[Problem details] Going from the top of the listing below to the line that holds "Механизм выключателя света", reproduce each line exactly; no pictures.

[Given data]

***

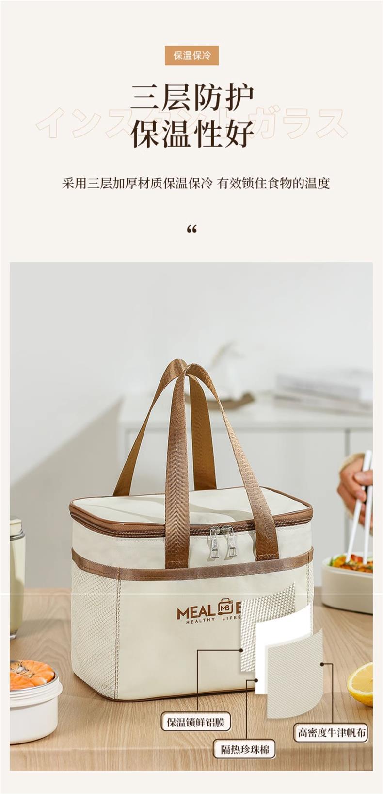 도시락 토트백, 보온팩, 야외 피크닉 대용량 식사가방, 직장인 도시락 가방, 두꺼운 알루미늄 호일스토어 가기
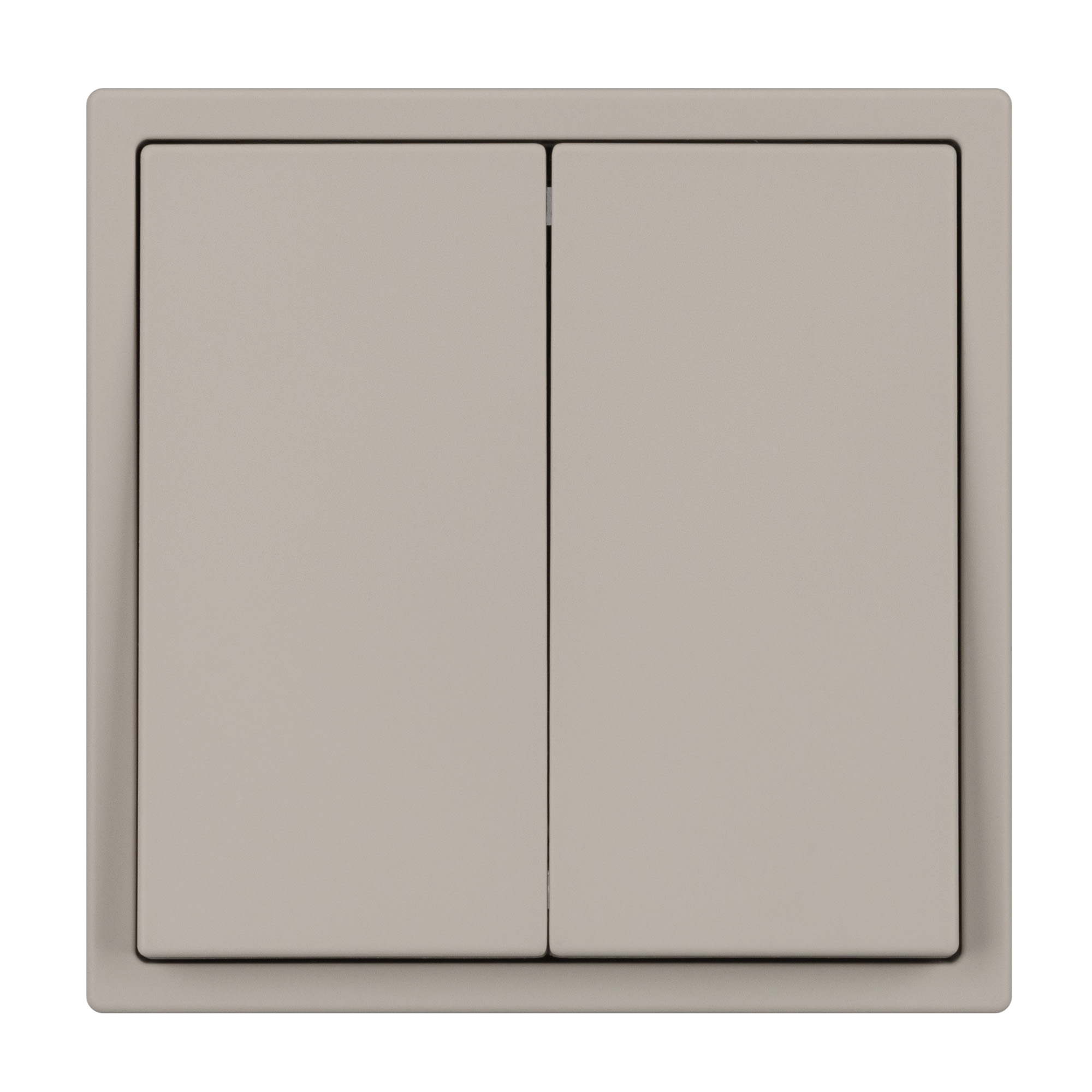 Механизм выключателя света клавишный на 1 пост 2 клавиши (перекрёстный). Цвет - кашемир, с Soft-Touch поверхностью. Без фронтальной рамки. Уровень пылевлагозащиты IP20. Выключатель устанавливается в стандартный круглый подрозетник круглого сечения диаметром 60мм.
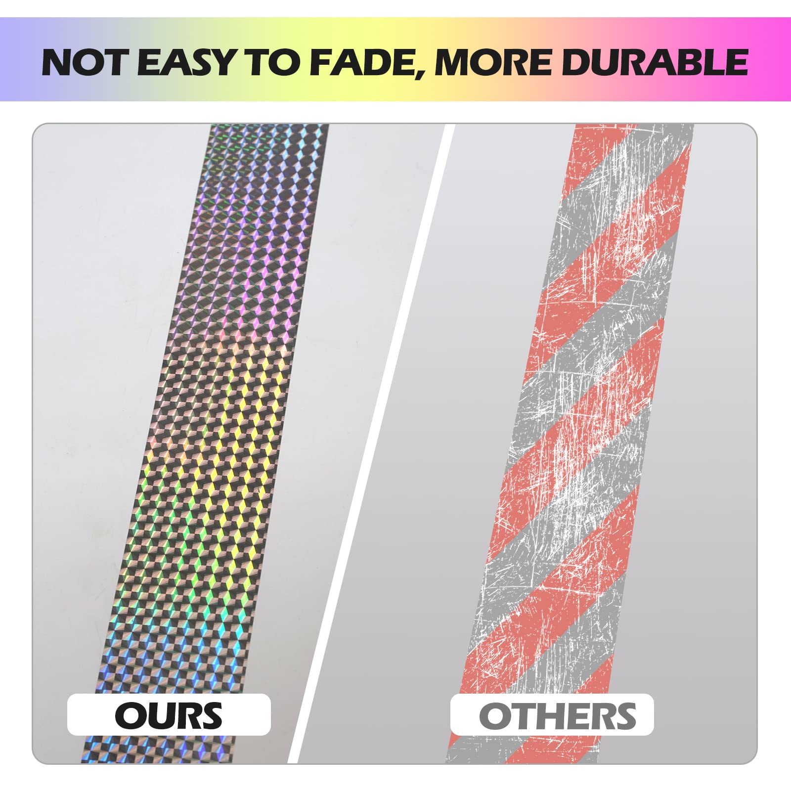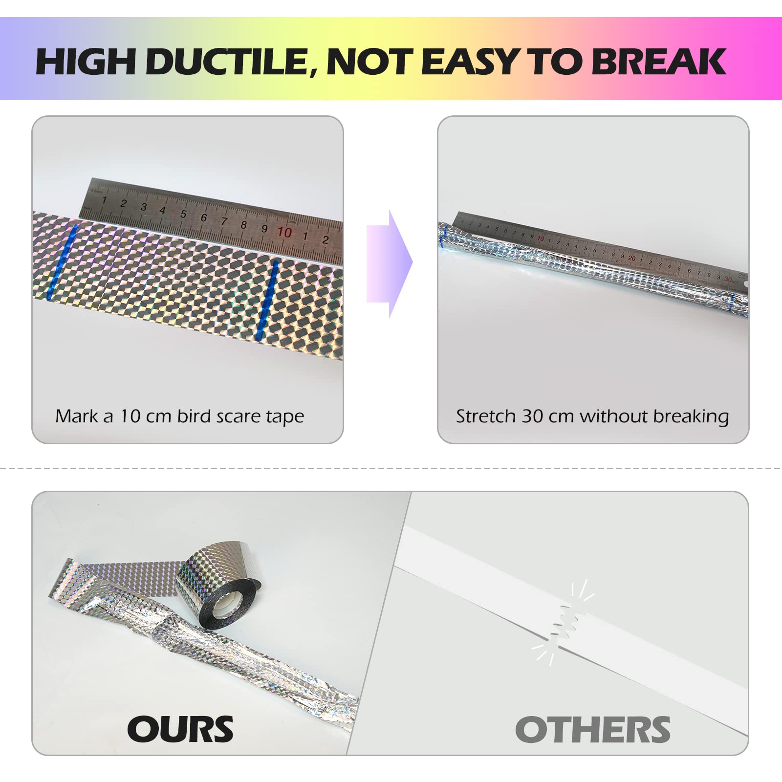 - 【Quality Assurance】 Our bird scare tape is made of high-quality, UV-resistant PET material, ensuring it is weatherproof, corrosion-resistant, and non-fading. It can be repeatedly reused, making it a cost-effective solution for keeping birds away from your property.
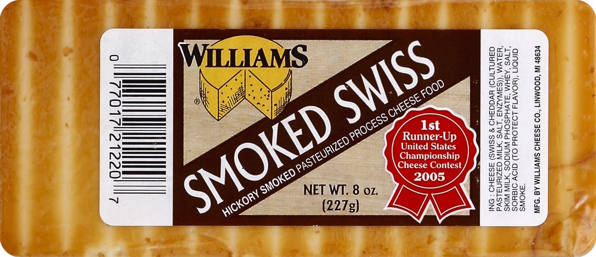 Cheese (Swiss & Cheddar (Cultured Pasteurized Milk, Salt, Enzymes)) Water, Skim Milk, Sodium Phosphate, Whey, Salt, Sorbic Acid (to Protect Flavor), Liquid Smoke.

***

[Response]
 도시락 토트백, 보온팩, 야외 피크닉 대용량 식사가방, 직장인 도시락 가방, 두꺼운 알루미늄 호일스토어 가기
 Механизм выключателя света клавишный на 1 пост 2 клавиши (перекрёстный). Цвет - кашемир, с Soft-Touch поверхностью. Без фронтальной рамки. Уровень пылевлагозащиты IP20. Выключатель устанавливается в стандартный круглый подрозетник круглого сечения диаметром 60мм.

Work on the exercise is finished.